Its ability to maintain its value during market fluctuation makes it ideal for hedging and diversifying your portfolio. During the recent recession, when cryptocurrency was at its peak, not all investors invested in it; some opted for traditional alternatives such as gold and silver. This move caused the price of gold to rise by more than 50%.
Despite the stability currently enjoyed across multiple economies, the price of gold has maintained a steady price range which is relatively higher than pre-pandemic rates.
Bitcoin is one of the most popular cryptocurrencies on the market and is currently used as a form of payment in some businesses. The decentralized technology was launched in 2009 and has since brought a new horizon to the financial market.
Like other digital currencies, Bitcoin started as a fraction of a cent which was later valued at $0.09 in 2010 for one Bitcoin. As it grew, it attracted several investors, which saw the setup of several large-scale Bitcoin mining farms and led to the emergence of cryptocurrency exchanges.
During the pandemic, critics and amateur economists saw various cryptocurrencies, Bitcoin included, hold steady against the recession. This trend convinced investors to increase the funds invested in crypto, with institutional investors looking at ways to develop investment instruments and generate returns, causing the price of one Bitcoin to skyrocket above $60,000 in April 2021.
However, the price of Bitcoin and other popular digital currencies has dropped, with industry players looking for ways to stabilize the market.
Similarities Between Gold and Crypto
Both gold and cryptocurrencies are considered alternative investments and are often used to diversify one's investment portfolio. Despite their glaring difference, these assets share a few similarities you can compare when making a decision on the best form of investment.
Gold has often been the go-to option for investors due to its rarity and finite nature. This principle applies to most currencies that draw their value from their limited supply. Having too much supply of precious metals would significantly affect its market value.
It's this finite supply of digital currencies that makes it valuable for investors. Despite the absence of a central regulatory body, too much cryptocurrencies can't be liquidated or bought at once since this would cause a rapid increase or decrease in value, affecting their stability.
Their limited supply makes them immune to some market influences, making them ideal for investors diversifying their portfolios to minimize losses.
Despite their ability to maintain stability during inflation/deflation, gold and crypto are bound to fluctuate in price over time. Investors looking to enter the market often research the current price while reviewing market trends to determine the asset's potential.

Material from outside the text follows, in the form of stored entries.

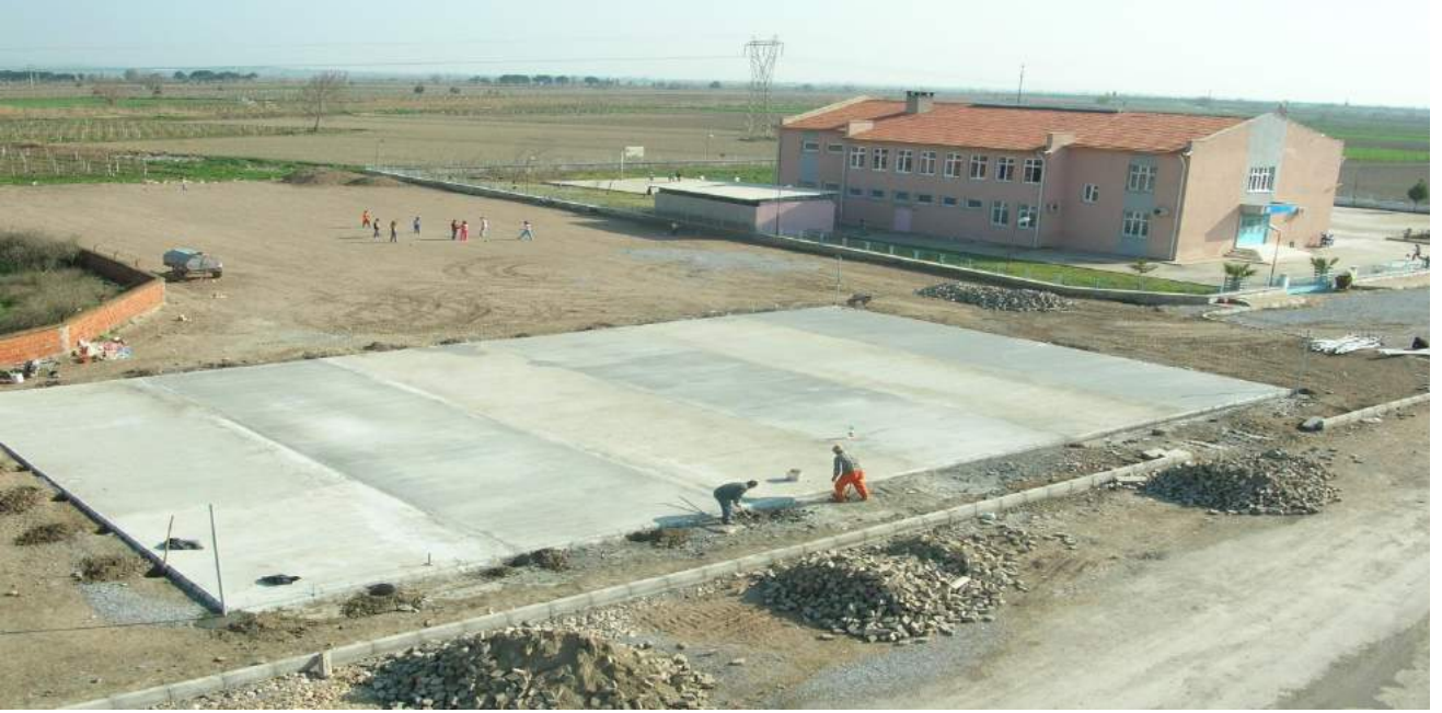
Yılmaz Mahallesi Çalışmaları Sırasındaki Eski Görünümü

Yılmaz Mahallesi Atatürk Caddesi üzerine Belediyemizce peyzaj çalışmaları da tamamlanan çim halı saha, çocuk oyun grupları, pergoleli oturma alanları ile bütünlük oluşturan Kafeterya binası inşası tamamlanarak halkımızın kullanımına sunulmuştur.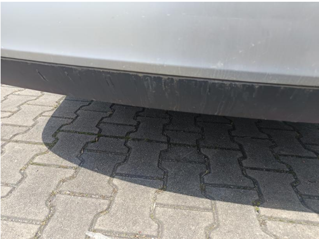
Fot. 36 Zderzak tylny cz dolna - zdjęcie poglądowe 1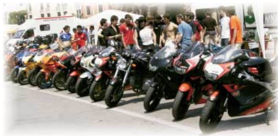
Gruppo motociclistico durante la manifestazione "Caschi in Prato" tenuta in Prato della Valle a Padova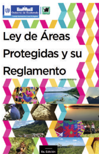
Documento Ley de áreas protegidas

garantizará la creación y protección de parques nacionales, reservas, los refugios naturales y la fauna y la flora que en ellos exista. Es así como nace a la vida jurídica la Ley de Áreas Protegidas, mediante el Decreto Legislativo 4-89. En dicha Ley se establece la creación del Consejo Nacional de Áreas Protegidas como órgano máximo de dirección y encargado de aplicación de la misma. En dicho cuerpo normativo se resalta el principio constitucional de protección ambiental al indicar en su artículo 1 que la diversidad biológica, es parte integral del patrimonio natural de los guatemaltecos y que por lo tanto, se declara de interés nacional su conservación por medio de áreas protegidas debidamente declaradas y administradas. Es así como nace el Sistema Guatemalteco de Áreas Protegidas -SIGAP-, el cual está integrado por todas las áreas protegidas y entidades que las administran, y cuya organización y características establece dicha Ley, a fin de lograr los objetivos de la misma en pro de la conservación, rehabilitación, mejoramiento y protección de los recursos naturales del país, y la diversidad biológica.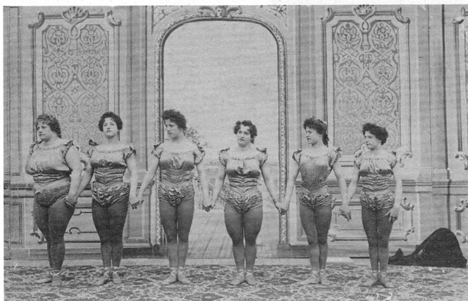
Standfoto aus dem Film «Lose Hose Dream Dress Show». Photo extraite du film «Lose Hose Dream Dress Show».

Le programme complet est consultable à partir de début avril sur le site → www.pinkapple.ch .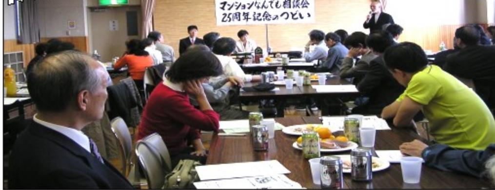
マンションなんて相談会 25周年記念のついで

11月15日、「マンションなんでも相談会25周年記念のついで」が東陽区民館で開かれ40人が参加しました。

Technology has made it easy for you to track the performance of your assets in real-time and check the prices at your convenience. Keep in mind that the price of both assets fluctuates due to different reasons due to their varied volatility.

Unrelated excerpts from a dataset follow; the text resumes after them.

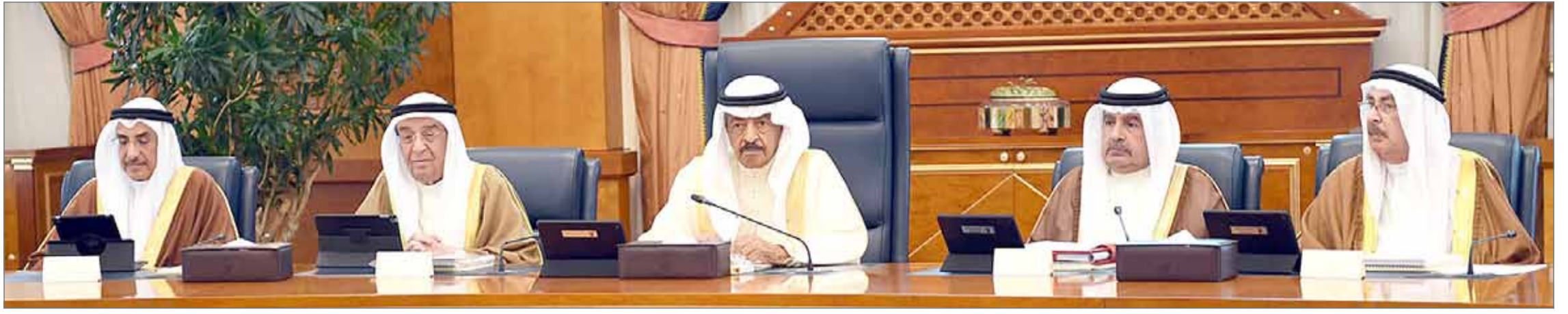
• سمو رئيس الوزراء يتأسس جلسة مجلس الوزراء أمس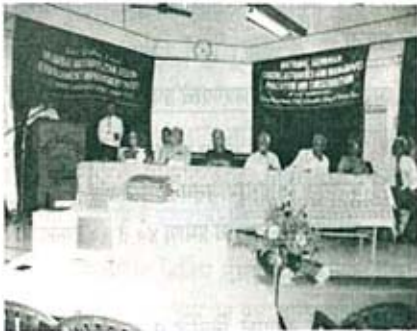
उद्याटन प्रसंगीचे दृश्य

५. खाडी व नदीमुखाच्या भागात साठलेला कचरा, गाळ काढून टाकून भरती ओहोटीचे पाणी विना अडसर वाहू देण्यासाठी उपाय करणे. यामुळे खाड्यांमध्ये सांडपाणी व कचरा साठून राहणार नाही.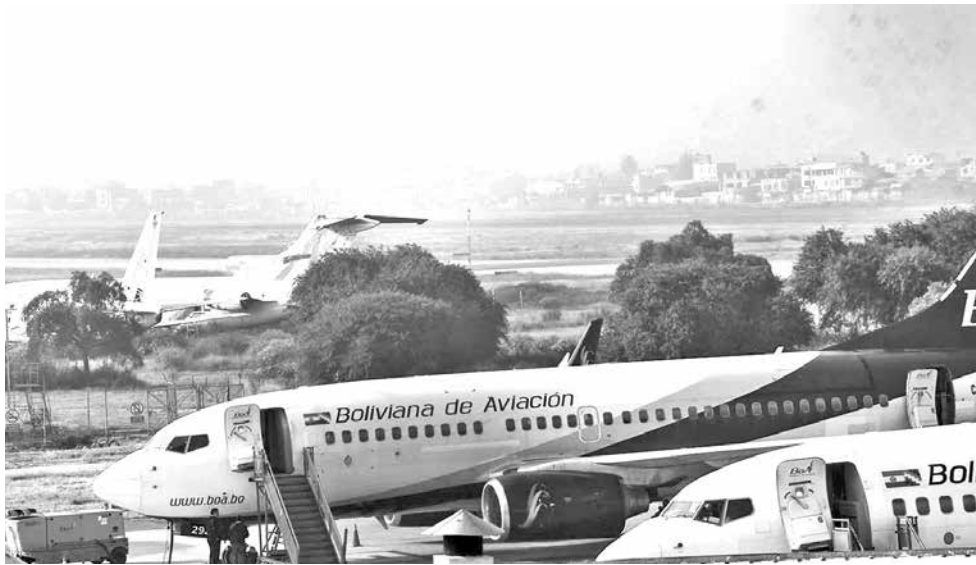
La pista del aeropuerto Jorge Wilstermann con bastante niebla, ayer. CARLOS LÓPEZ

For example, gold is likely to rise in value if there is a looming shortage, while crypto will increase in value when an influencer recommends its use. Most economists and critics find it difficult to make accurate predictions about price fluctuations for gold and digital currencies.
Privacy and Independence
Some investors prefer anonymity when investing, especially when they have to move a lot of funds. God is heavily regulated, limiting the number of people who can access information on the amount of gold you sell or buy. The same applies to cryptocurrencies which run on an encrypted and decentralized system that makes it difficult for a third party to access the details of your transactions.
These assets offer a degree of independence, where you can sell your gold to your neighbor without informing anyone at your convenience. You can as well send crypto to your friends and family from the privacy of your home.
Technology has revolutionized how we view investment. For example, if you have access to a computer and an internet connection, you can easily invest in gold and crypto. There are several online companies that make it easy for investors to access these assets, especially when buying gold.
The best ort s that the gold is safely delivered to your preferred address in discreet tamper-proof packaging. For crypto, the digital currencies are transferred to your digital wallet. You can also leverage technology to track how your assets are performing.
Unlike in the past when you need technical know-how to invest in gold and crypto, today all you need is a laptop where you can read about them or access an agent who will walk you through the process and make some of the investments on your behalf.
Gold has a long-standing reputation in the financial market as a unit of trade and a measure of wealth. On the other hand, crypto has quickly risen to become an accepted form of payment across many businesses. However, keep in mind that most traders accept cash over crypto and gold.
Key Difference Between Gold and Cryptocurrency
As mentioned, gold has been on the market for thousands of years as a means to store wealth and exchange. On the other hand, cryptocurrencies are relatively new, with over a decade of existence. However, cryptocurrencies have achieved widespread recognition as an alternative investment.
Gold has one of the most established systems focused on weighing, trading, and tracking. There are various regulations that guard against stealing or faking, making it one of the safest investments. It's worth noting that in most countries, you can't enter or leave with gold without declaring your possession and obtaining regulatory permission.
When buying gold, you can only get it from registered dealers and brokers; something we can see with several gold investment companies. However, it's best to buy physical precious metals if you have secure and safe storage.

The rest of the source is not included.